Loading the training data for face recognition

Regardless of our choice of face recognition algorithm, we can load the training images in the same way. Earlier, in the Generating the data for face recognition section, we generated training images and saved them in folders that were organized according to people's names or initials. For example, the following folder structure could contain sample face images of this book's authors, Joseph Howse (jh) and Joe Minichino (jm):

../
  data/
    at/
      jh/
      jm/

Let's write a script that loads these images and labels them in a way that OpenCV's face recognizers will understand. To work with the filesystem and the data, we will use the Python standard library's os module, as well as the cv2 and numpy modules. Let's create a script that starts with the following import statements:

import os
import cv2
import numpy

Let's add the following read_images function, which walks through a directory's subdirectories, loads the images and shows each of them for user information purposes, resizes them to a specified size, and puts the resized images in a list. The order of this list has no significance in itself but, at the same time, our function builds two corresponding lists that describe the images: first, a corresponding list of people's names or initials (based on the subfolder names), and second, a corresponding list of labels or numeric IDs associated with the loaded images. For example, jh could be a name and 0 could be the label for all images that were loaded from the jh subfolder. Finally, the function converts the lists of images and labels into NumPy arrays, and it returns three variables: the list of names, the NumPy array of images, and the NumPy array of labels. Here is the function's implementation:

def read_images(path, image_size):
    names = []
    training_images, training_labels = [], []
    label = 0
    for dirname, subdirnames, filenames in os.walk(path):
        for subdirname in subdirnames:
            names.append(subdirname)
            subject_path = os.path.join(dirname, subdirname)
            for filename in os.listdir(subject_path):
                img = cv2.imread(os.path.join(subject_path, filename),
                                 cv2.IMREAD_GRAYSCALE)
                if img is None:
                    # The file cannot be loaded as an image.
                    # Skip it.
                    continue
                img = cv2.resize(img, image_size)
                cv2.imshow('training', img)
                cv2.waitKey(5)
                training_images.append(img)
                training_labels.append(label)
            label += 1
    training_images = numpy.asarray(training_images, numpy.uint8)
    training_labels = numpy.asarray(training_labels, numpy.int32)
    return names, training_images, training_labels

Let's call our read_images function by adding code such as the following:

path_to_training_images = '../data/at'
training_image_size = (200, 200)
names, training_images, training_labels = read_images(
    path_to_training_images, training_image_size)

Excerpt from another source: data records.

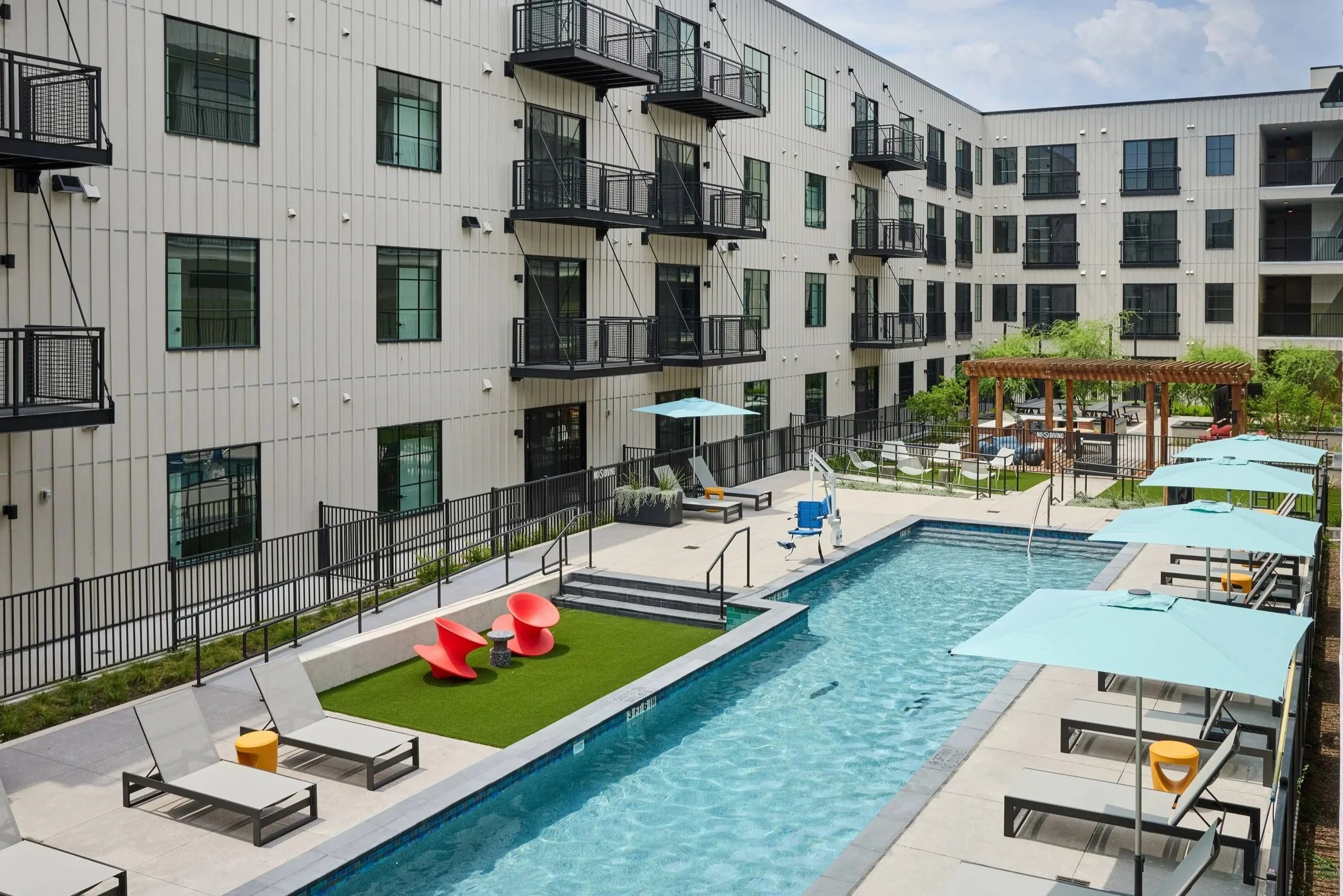 Congress Lofts also provides practical considerations such as a ground-floor parking garage and a bike storage space, as well as a dedicated dog park and dog-washing station for canine companions.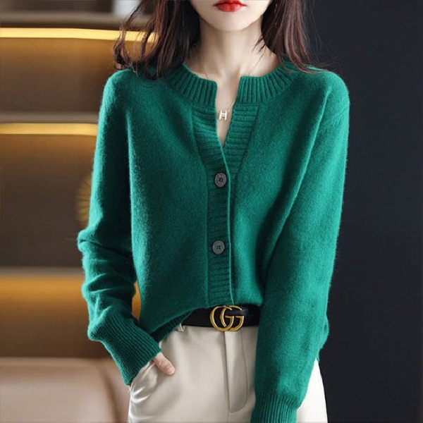 비비드 컬러의 단추 가디건에 아이보리 팬츠도 당당한 느낌을 줘서 좋다. 비비드 컬러는 하나만 사용하는 게 과하지 않아서 좋다.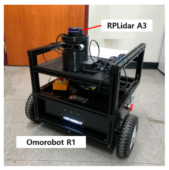 The mobile robot used for experiments is Omorobot R1, which has a maximum speed of 1.2 m/s and an odometer for the control information, as shown in Figure 12. For the detection of environments, RPLidar A3 is used with a maximum detection distance of 25 m, taking 1440 points for each scan with 360° of FoV (Field of View). With the sensor with high angular resolution (0.25°), acquiring large amounts of data is possible. The Willow Garage dataset has exceptive data, of which laser scans have 1040 points with 270° of FoV.
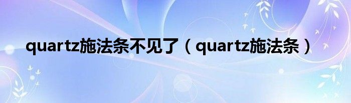 大家好,小问来为大家解答以上问题。quartz施法条不见了,quartz施法条这个很多人还不知道,现在让我们一起来看看吧!
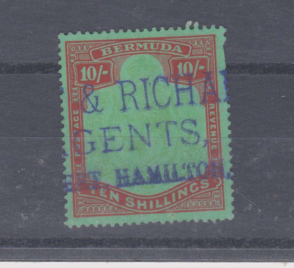 Bermuda 1924-32 10/- fiscally used SG92. Good spacefiller. (1)

Edit the path_to_training_images variable in the preceding code block to ensure that it matches the base folder of the output_folder variables you defined earlier in the code for the section Generating the data for face recognition.

So far, we have training data in a useful format but we have not yet created a face recognizer or performed any training. We will do so in the next section, where we continue the implementation of the same script.

Performing face recognition with Eigenfaces

Now that we have an array of training images and an array of their labels, we can create and train a face recognizer with just two more lines of code:

model = cv2.face.EigenFaceRecognizer_create()
model.train(training_images, training_labels)

What have we done here? We created the Eigenfaces face recognizer with OpenCV's cv2.EigenFaceRecognizer_create function, and we trained the recognizer by passing the arrays of images and labels (numeric IDs). Optionally, we could have passed two arguments to cv2.EigenFaceRecognizer_create:

• num_components: This is the number of components to keep for the PCA.
• threshold: This is a floating-point value specifying a confidence threshold. Faces with a confidence score below the threshold will be discarded. By default, the threshold is the maximum floating-point value so that no faces are discarded.

Having trained this model, we could save it to a file using code such as model.write('my_model.xml'). Later (for example, in another script), we could skip the training step and just load the pre-training model from the file using code such as model.read('my_model.xml'). However, for the sake of our simple demo, we will just train and test the model in one script without saving the model to a file.

To test this recognizer, let's use a face detector and a video feed from a camera. As we have done in previous scripts, we can use the following line of code to initialize the face detector:

face_cascade = cv2.CascadeClassifier(
    f'{cv2.data.haarcascades}haarcascade_frontalface_default.xml')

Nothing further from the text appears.